One way to judge value for money would simply be to assess if selling the loans is likely to strengthen (or ‘repair’) the long-term health of the public finances. As we discussed in a working paper earlier this year, this appears to be the case under the current National Accounts accounting treatment – but misleadingly so. The European System of Accounts 2010 treats student loans like normal loans, but unlike normal loans the repayments depend on the borrower’s income and are time-limited. This means that by design a significant proportion of the principal plus interest for any given cohort of loans will be written off around 30 years after the borrowers graduate. Public sector net borrowing has been reduced by the build-up of never-to-be-repaid capitalised interest but then the loans are sold before the write-offs hit the deficit.b
If the Government was selling a corporate asset (like the bank shares that it bought during the financial crisis) the sale could offer value for money because the sale price might reflect the fact that the asset was intrinsically more valuable in the hands of the private than the public sector – because the private sector is generally thought to be better at running banks (most of the time, at least). But, in the case of the student loans, the asset is worth the same – the purchasers of the loans are not taking over the collection of repayments in the hope of collecting larger sums.
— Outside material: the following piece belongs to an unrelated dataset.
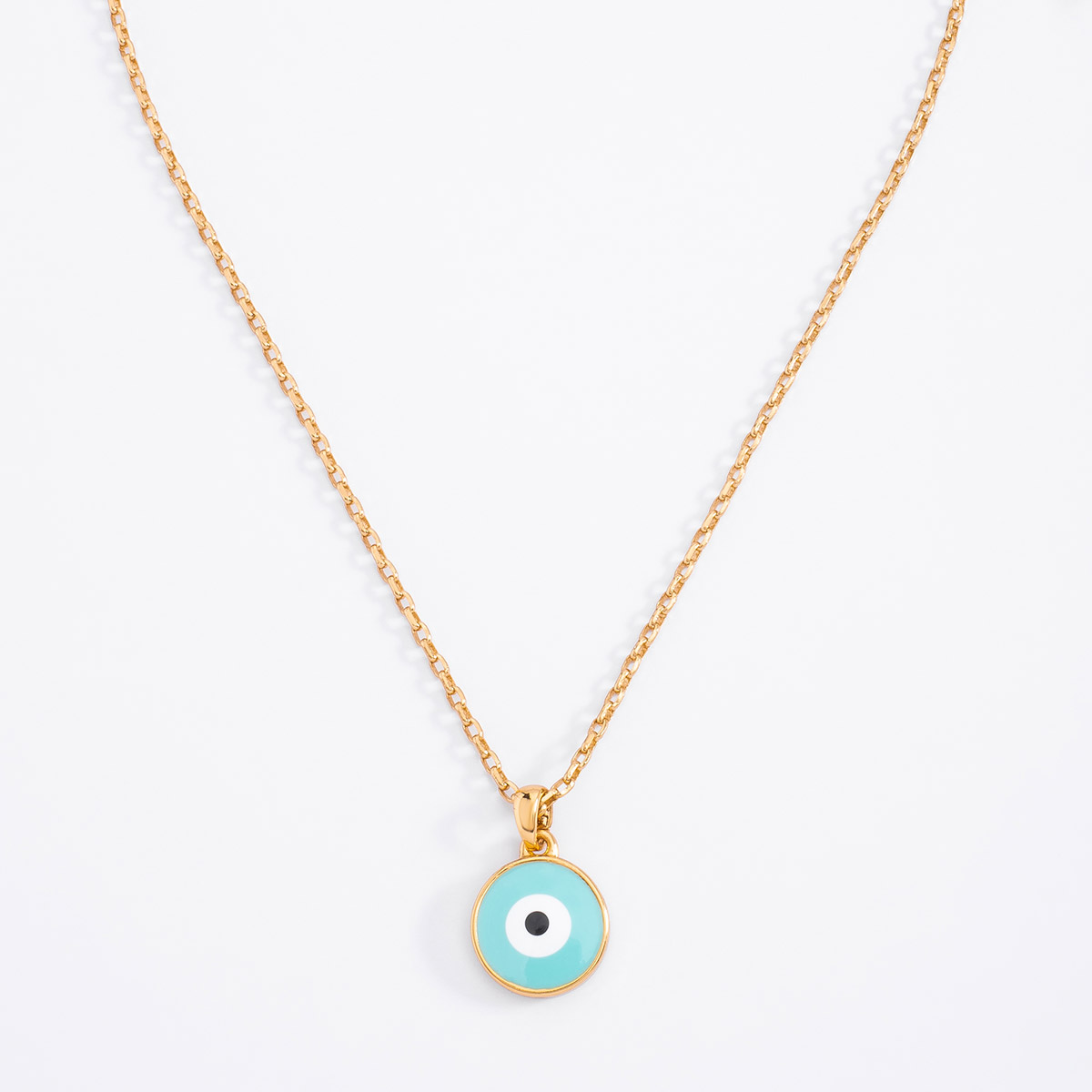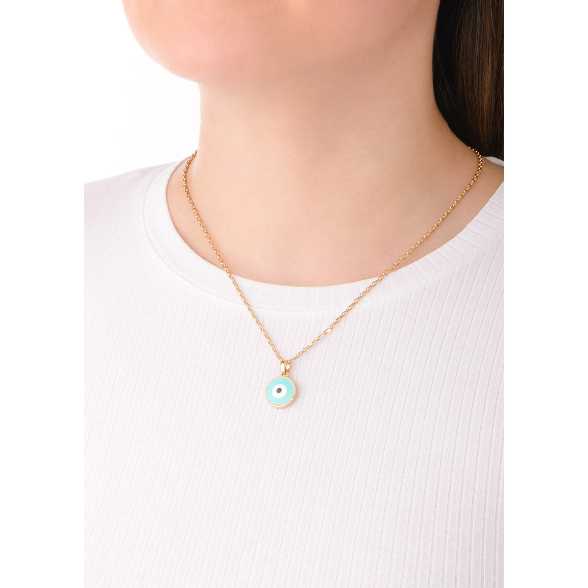 COLLAR EN BAÑO DE ORO DE 42 CM MÁS 10 CM DE EXTENSIÓN CON ESMALTE EN TONO AQUA

When selling student loans, the Government is simply swapping an uncertain flow of future revenue for a certain – but smaller – upfront sum. In effect, it is simply securitising a portion of future income tax receipts and then selling them at a discount to their expected value. (The sale of the first tranche of Plan 1 loans, which took place in November 2017, involved the Government exchanging loans with a face value of £3.5 billion for £1.7 billion in up-front cash. Only part of the £1.8 billion difference reflected the size of the expected write-offs.) This does not strengthen the public finances in any meaningful sense – it is simply an alternative way to finance the budget deficit, and a relatively expensive one at that given current borrowing costs.
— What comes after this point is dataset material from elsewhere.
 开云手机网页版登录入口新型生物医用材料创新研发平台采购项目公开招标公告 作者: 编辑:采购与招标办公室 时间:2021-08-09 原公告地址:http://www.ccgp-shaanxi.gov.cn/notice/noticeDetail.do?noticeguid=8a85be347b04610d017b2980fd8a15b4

But this is not how the Government judges ‘value for money’ for the purpose of asset sales like these. Instead it applies the social cost benefit analysis methodology set out in the Treasury’s ‘Green Book’ on project appraisal.c This imposes three requirements on asset sales: first, that an efficient market exists for the asset; second, that the sale is structured to promote efficient pricing; and third, that the sale value exceeds the Government’s ‘retention value’ – the price above which it is better off selling the asset than keeping it, given the revenue flow it would forego, the opportunity cost of tying up cash and the risk around uncertain future repayments.
The Government assesses the retention value by forecasting the cash flows to be derived from the asset and then applying a discount rate to turn them into a present value that can be compared to the prospective sale proceeds. The higher the discount rate, the smaller the retention value and the more likely it is that the sale is deemed to offer value for money.
This discount rate comprises elements for inflation and the ‘social rate of time preference’ (which together determine the nominal social rate of time preference) and an element for the riskiness of the asset in question.
The Green Book specifies that over long time horizons the inflation component should be the long-term projection for GDP deflator inflation from the OBR’s Fiscal sustainability report, currently 2.2 per cent, but for student loan sales the Treasury uses the higher Retail Prices Index (RPI) inflation rate of 3.0 per cent. (The ONS no longer deems the RPI to be a National Statistic as it falls short of international statistical standards.) The normal social rate of time preference in the Green Book is 3.5 per cent, comprising 0.5 per cent for pure ‘time preference’ (the preference for value now rather than later), 2 per cent for a ‘wealth effect’ (which reflects expected growth in per capita consumption), and 1 per cent for ‘catastrophe risk’ (which accounts for hard-to-foresee, systemic events). This real social rate of time preference has exceeded real yields on government bonds for decades.
Chart B: Market implied and Treasury’s real discount rates
In the case of student loans, instead of including the element for catastrophe risk, the Government estimates an asset specific risk by assessing the returns that investors would expect to generate from similar assets and from risky assets in general (using a capital asset pricing model (CAPM) for the latter) and puts this on top of the 5.5 per cent nominal ‘risk-free rate’ (RPI inflation plus 2.5 per cent). Also employing a CAPM approach, the National Audit Office (NAO) used the price at which the sale occurred to estimate that market participants’ implied risk premium (plus any ‘novelty discount’) was 4.9 per cent.d But the Government does not disclose publicly the asset specific risk element – and therefore the overall discount rate used to estimate the retention value – as this would disclose to would-be purchasers the price at which the Government was willing to sell. This of course makes it hard for the public to judge whether this approach genuinely guarantees value for money. However, the Government does disclose this information on a confidential basis to the NAO and PAC.
At 5.5 per cent, the nominal risk-free element alone looks high relative to both yields on government bonds of similar average maturity to the sold loans (1.6 per cent on 12-year gilts) and the discount rate used to value student loans in the Department for Education’s accounts (3.8 per cent). As the NAO has noted, this would have made the retention value comparatively “conservative” and the value for money hurdle relatively easy to clear.
To inform the sale, UKGI also estimated how potential buyers might value the loans. The discount rate used for this estimate comprised a 1.6 per cent risk free rate, an asset specific risk premium, and a ‘novelty premium’. The final component – which will presumably fall over time – represents the extent to which market participants discount relatively unfamiliar asset classes. (For the sale of Royal Mail, the novelty premium was estimated to be between 5 and 15 per cent.) Green Book guidelines do not require the Government to be compensated for the novelty premium.
On the basis of the (necessarily incomplete) information available to us, we assume for now that the planned sales will clear the value for money hurdle and go ahead. We will need to keep this under review and also to judge whether there will be sufficient private-sector demand for the sales to take place. This will depend on conditions in financial markets and the extent to which potential volatility would be expected to affect demand for this particular type of asset.